Small company here (~20 ppl), and we keep notes on various projects in a custom application that we wrote with a database backend that allows us to write notes on projects, track time spent on projects, and run reports.
Another major part of our arsenal is a CYA box. (Cover Your Ass) This is a box or other container into which all notes, drawings, printouts, scratchings, post-its, code scraps, etc....EVERYTHING goes. Why?
Two reasons:
- It allows us to show a paper trail of our development. If you ever get sued for copyright or patent infringement, you'll be glad you had this. It shows, in order, how the application was developed. Since everything in the box is layered in chronological order, this works well (First item in is oldest, last item in is newest). We seal boxes up when they get full, date them with the start and end date and mark a destroy date on them (7 years hence, usually).
- Ever delete something you wished you hadn't? Had a HD crash and wipe out some of a program? Then a CYA box is a handy thing. I haven't had to use it very often, but trust me, restoring programming code from paper is better than nothing. (tape or CD is better, but it's a last-resort backup)
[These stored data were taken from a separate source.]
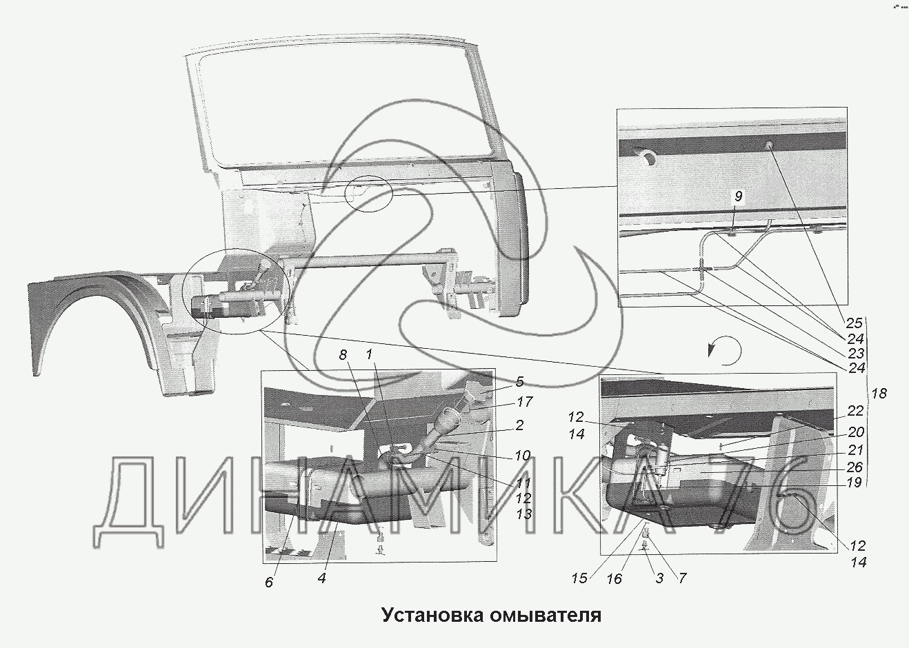 Перечень комплектующих от Установка омывателя на МАЗ-543403, 641705, 641708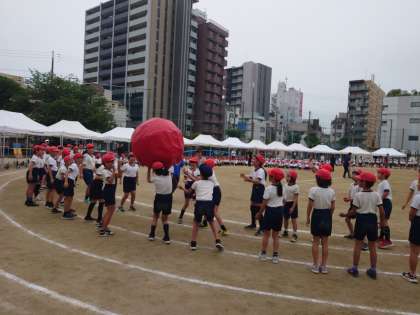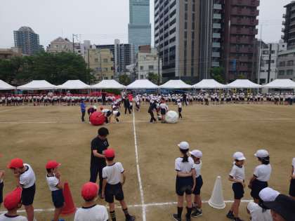 今日の全体練習は、応援合戦と大玉送りの練習です。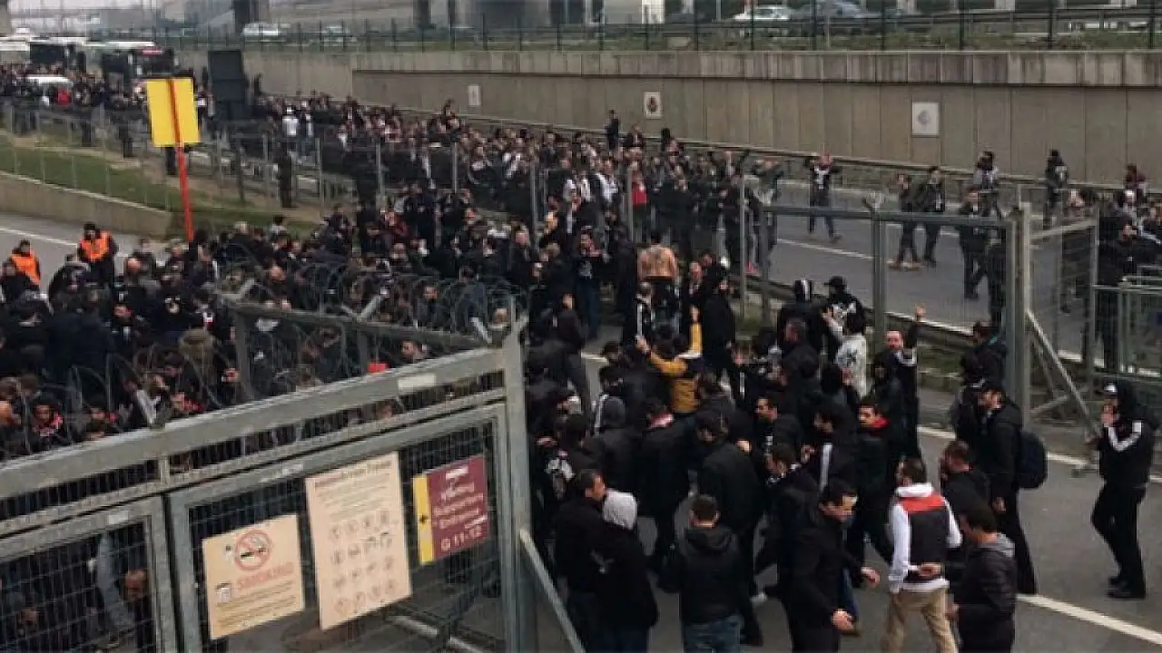 Vodafone Arena'da toplanan Siyah-beyazlı taraftarlar, yaklaşık 30 otobüs ile derbi maçının oynanacağı TT Arena'ya doğru yola çıktı. Saat 18.00'e doğru TT Arena'ya ulaşan taraftarların geniş güvenlik önlemli altında stada girişi sağlandı.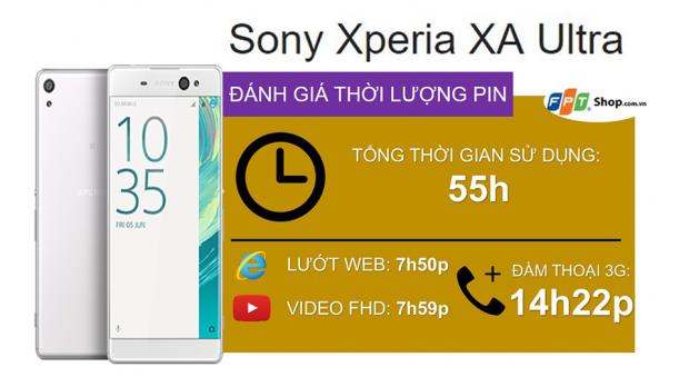 Để cho công bằng nhất thì chuyên trang gsmarena đã làm một bài kiểm tra thực tế thời lượng sử dụng pin trên chiếc phablet mới của Sony. Cụ thể, Xperia XA Ultra thể hiện khá ổn, bạn có thể nhận được khoảng 8h duyệt web hay xem video. Tổng thời gian sử dụng pin hỗn hợp trên điện thoại đạt được là 55h - con số đủ để kéo dài tới 2 ngày sử dụng trung bình. Chuyên trang này cũng nhận định rằng Xperia XA Ultra đã cho kết quả ấn tượng hơn nhiều so với 2 người anh em là Xperia X và X Performance trong cùng một bài test.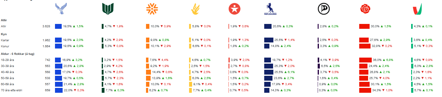 Í könnun Maskínu sem birt var í byrjun viku er þessi munur enn skarpari. Þar segjast 29,4 prósent svarenda í þessum aldurshópi styðja Samfylkinguna og er fylgið því umfram heildarfylgi líkt og hjá Gallup. Miðflokkurinn mælist hins vegar með 11,2 prósent, eða rétt tæplega einn þriðja af því fylgi sem Samfylkingin hefur hjá kjósendum á aldrinum 18-29 ára.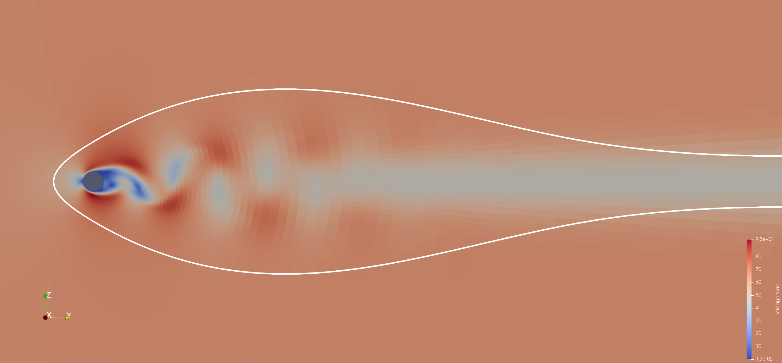 The flow we’re going to be running the FWH solver on is the shedding cylinder. To get the required inputs to our FWH solver, we need to define an FWH surface, and collect data on this surface during a CFD simulation.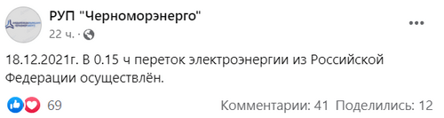 В 0.15 мск 18 декабря осуществлён переток электроэнергии из России в Абхазию, сообщило 18 декабря РУП "Черноморэнерго" на своей странице в Facebook.
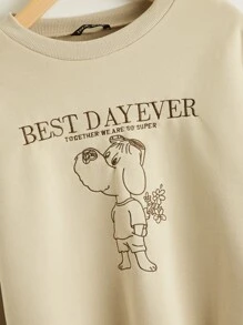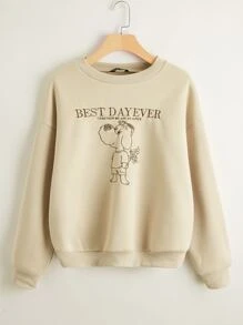 Sudadera con estampado de perro de dibujos animados y letra de hombros caídos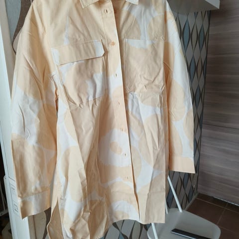 Myyntiin siisti ja myyntiä varten pesty mu-va Marimekon paita. Olka-helma 59cm, kainalo-kainalo 49cm.

Whatever you do, document EVERYTHING. If you sneeze on a project, document it. Documentation is one of those evils...if you don't do it, you'll be fast but you'll kill yourself later, and if you do it too much you'll slow down product. But it's worth the extra effort.Blog,Twitter
I was recently looking through the source code to pysol and it was like that. Anyone who has problems writing good documentation, or wants to see just how good it can be should check it out. I've been coding for about 14 years now, and pysol took the cake. But then again, I'm one of the people who doesn't comment anything.
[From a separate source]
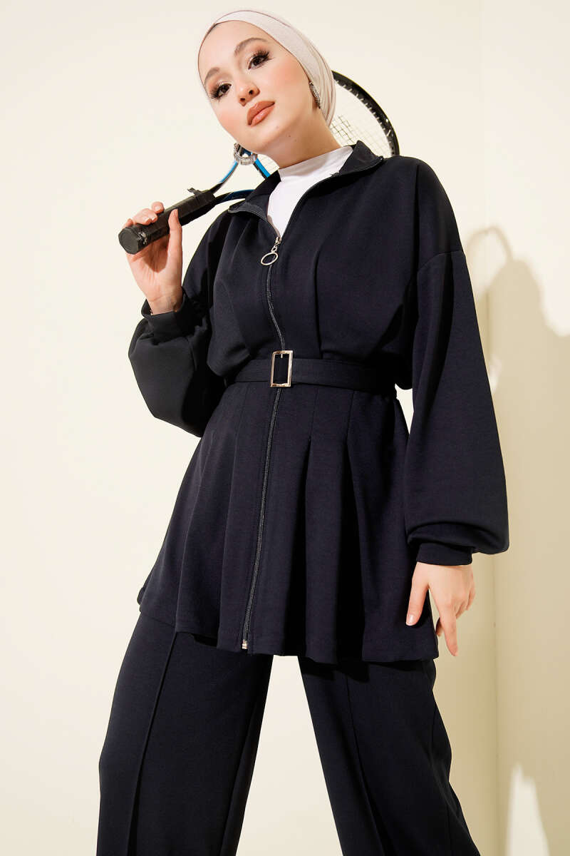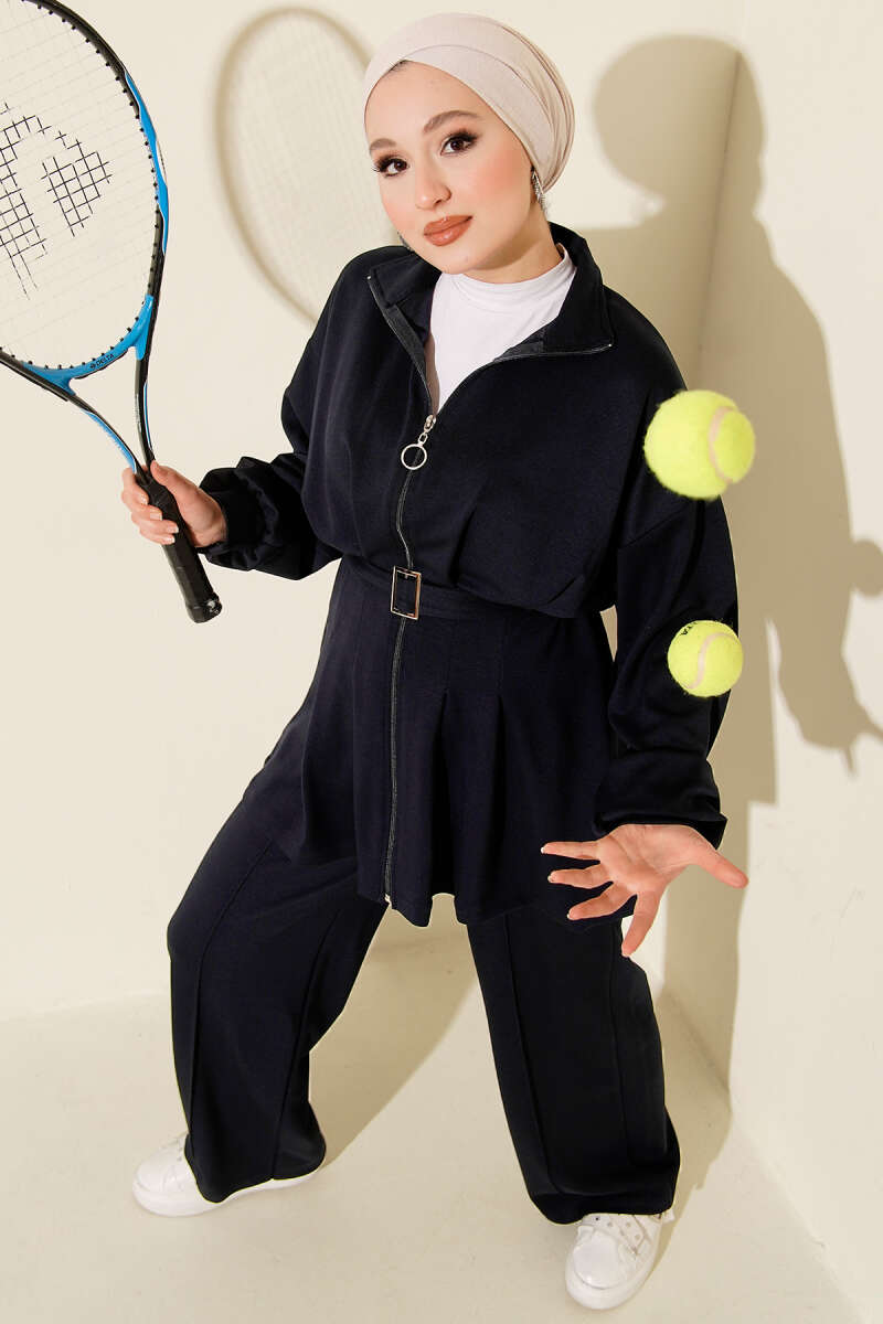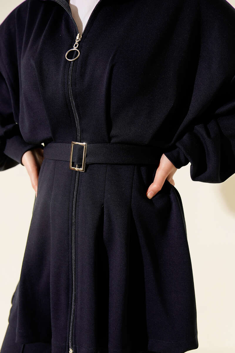 Navy Blue Oysho Set with Zipper and Belt

The Outreach Project Tool is superb. Easy to install, easy to use, and has a very slick professional feel. It wouldn't look out of place in any top corporate environment and I consider it to be a shining model that Open Source software standards should aim for. By "dependant on LAMP" he means "Linux Apache MySQL and PHP".
Phillip.
Property for sale in Nice, France
Doc writers will use the tapes in order to assist them in writing the documents for the project.
free the mallocs!
I'm not a big fan of Perl, but the way it manages all these little state-keeping variables is something you have to admire. Many of them have standard names, and are referenced by default in most contexts.